An intravenous line was placed and blood samples for D-dimer measurement were taken from the patients immediately before cardioversion, and 36 hours after recovery of sinus rhythm. Citrated plasma was obtained from venous blood by centrifugation at 2,500 rpm for 15 min at 4°C. Aliquots were stored at -70°C to allow batch analysis. The plasma D-dimer levels were measured by the enzyme-linked immunosorbent assay method. The measurements were obtained with the use of a quantitative sandwich immunochromatographic technique (Cardiac D-Dimer; Roche Diagnostics, Mannheim, Germany). For every blood sample, measurements were done twice. The investigators and attending physicians were blinded to the D-dimer test results. Inrta-assay coefficients of variation for assays were <5%, inter-assay variances were 10%. The changes of plasma D-dimer levels 36 hours after cardioversion were calculated as delta- D-dimer.
Echocardiographic examinations were performed in all patients, immediately prior to the procedure and 36 hours after successful cardioversion. Transthoracic echocardiographic two-dimensional imaging and guided pulsed wave Doppler recordings were obtained. Transmitral Doppler inflow velocities were recorded from the apical four-chamber view.
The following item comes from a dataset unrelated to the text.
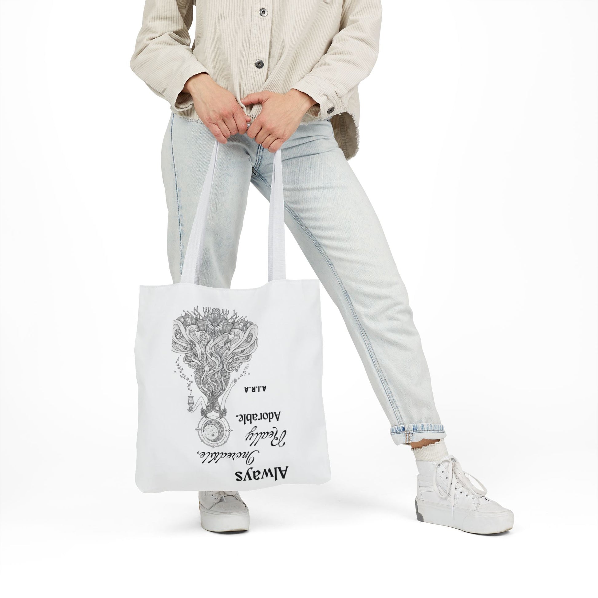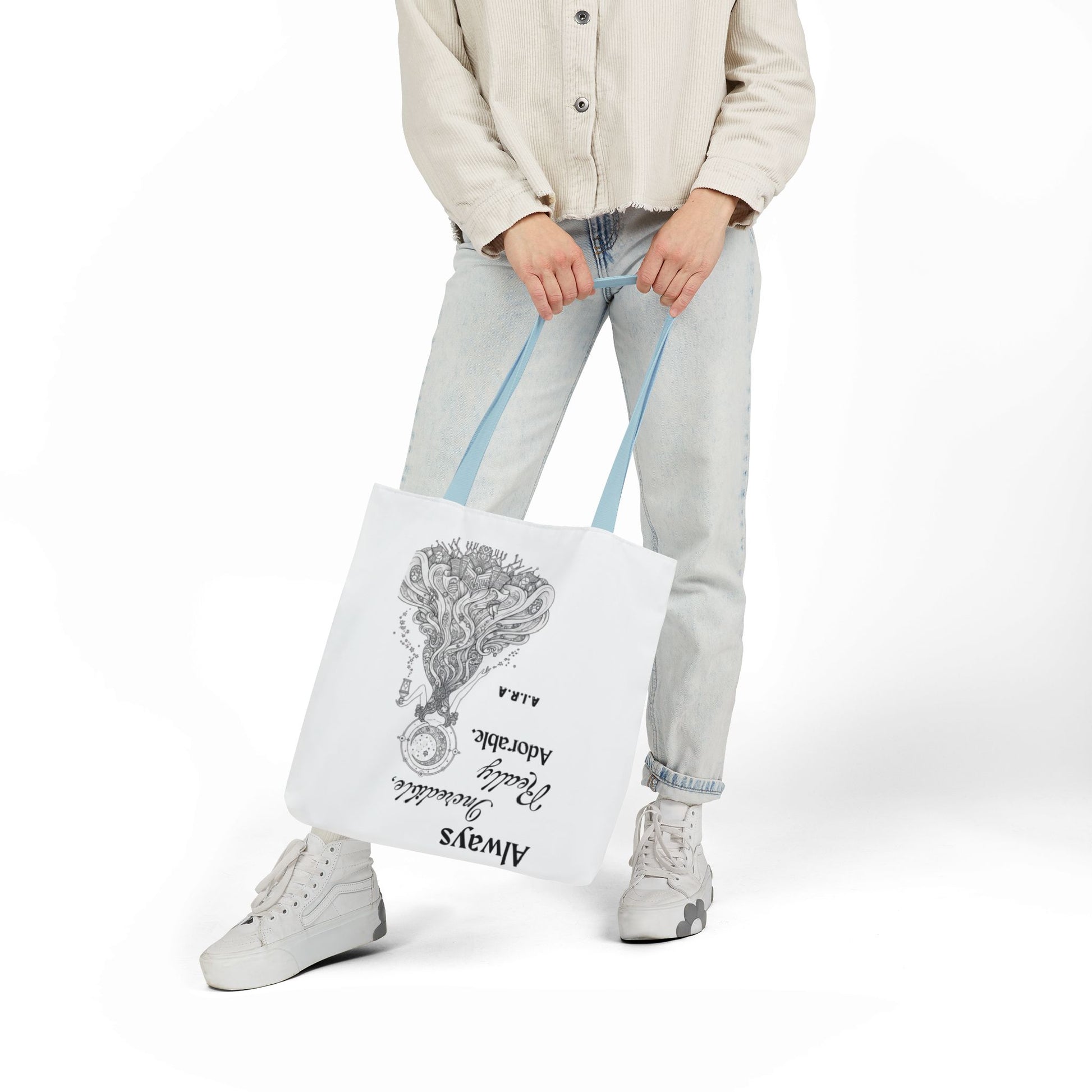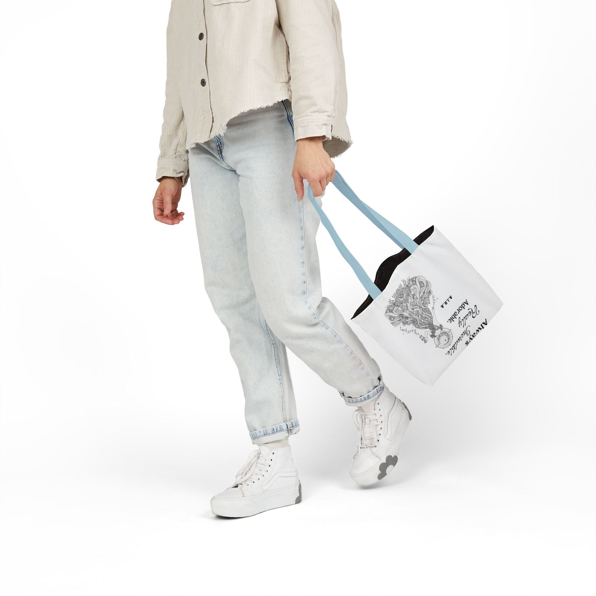A roomy, personality-forward canvas tote that carries more than just items — it carries a name. Each bag is printed edge-to-edge with a custom quote derived from the recipient’s initials, then dressed in one of five strap colors to match mood or style. The fine-weave polyester canvas feels soft to the touch, and boxed corners give the bag extra room so it holds groceries, sketchbooks, or a day’s worth of market finds without folding in on itself. Vibrant, all-over printing keeps the lettering and artwork lively and bold through daily use. Ships from the US and UK, so your personalized message arrives with care whether it’s across town or across the pond.

Peak velocities of early fillings (E) wave and atrial filling (A) wave were determined. The inter- and intra-observer variability was <5% for these measurements. We did not detect the presence of thrombi in the left atrium. However, the absence of thrombus on transthoracic echocardiography does not preclude the real absence of thrombus.
Clinical variables are expressed as the mean value ± SD. The effects of duration from the onset of atrial fibrillation on the measured indexes were analyzed by two-way repeated measures analysis of variance (ANOVA). Sequential data pre- and post-cardioversion were analyzed by Friedman's repeated measures analysis of variance. Correlations were performed by Spearman's rank correlation method. Stepwise multiple regression analyses were performed to determine independent predictors for plasma D-dimer levels, using age, sex, left-atrial size, left ventricular dimensions (diastole, systole) presence of underlying medical disease, smoking status, and the presence of atrial fibrillation. A p value < 0.05 was considered statistically significant. Analyses were performed with SAS for Windows 8.02 (SAS Institute Inc., Cary, North Carolina) and GraphPad Prism, version 3.00 (GraphPadSoftware, San Diego, California) statistical software packages.
The patients' sinus rhythm was restored by applying electrical cardioversion in all study patients. Delta D-dimer levels were significantly higher in Group A than in Group B. (p < 0.005).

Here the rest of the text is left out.